Once the line containing "Tranquil scene of" is found in the material below, it and every line after it should be transcribed exactly, with pictures left out and nothing added.

- DATASET EXCERPT:
========
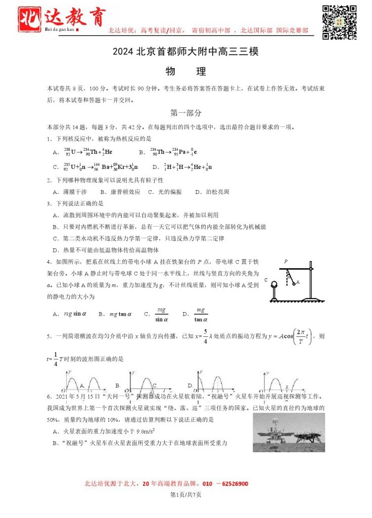 2024年北京各区高三三模陆续进行中,admw360教研组收集并整理了2024北京首都师大附中高三三模物理试卷,分享给同学们。
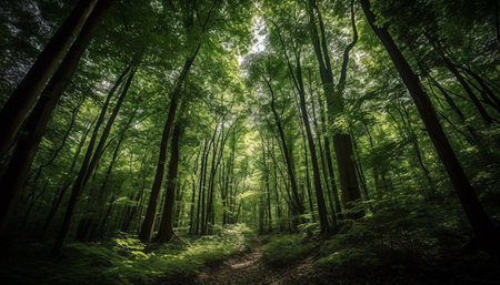 Tranquil scene of a vibrant forest with a mysterious wilderness generated by artificial intelligence
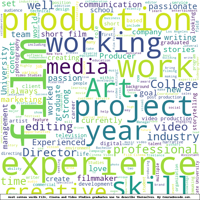 Here is a visual representation of the most common words seen in the "about" section of LinkedIn profiles who have a Bachelor degree in Film, Cinema and Video Studies. This may or may not be useful:
========
- ANSWER SPACE:
 Tranquil scene of a vibrant forest with a mysterious wilderness generated by artificial intelligence
 Here is a visual representation of the most common words seen in the "about" section of LinkedIn profiles who have a Bachelor degree in Film, Cinema and Video Studies. This may or may not be useful:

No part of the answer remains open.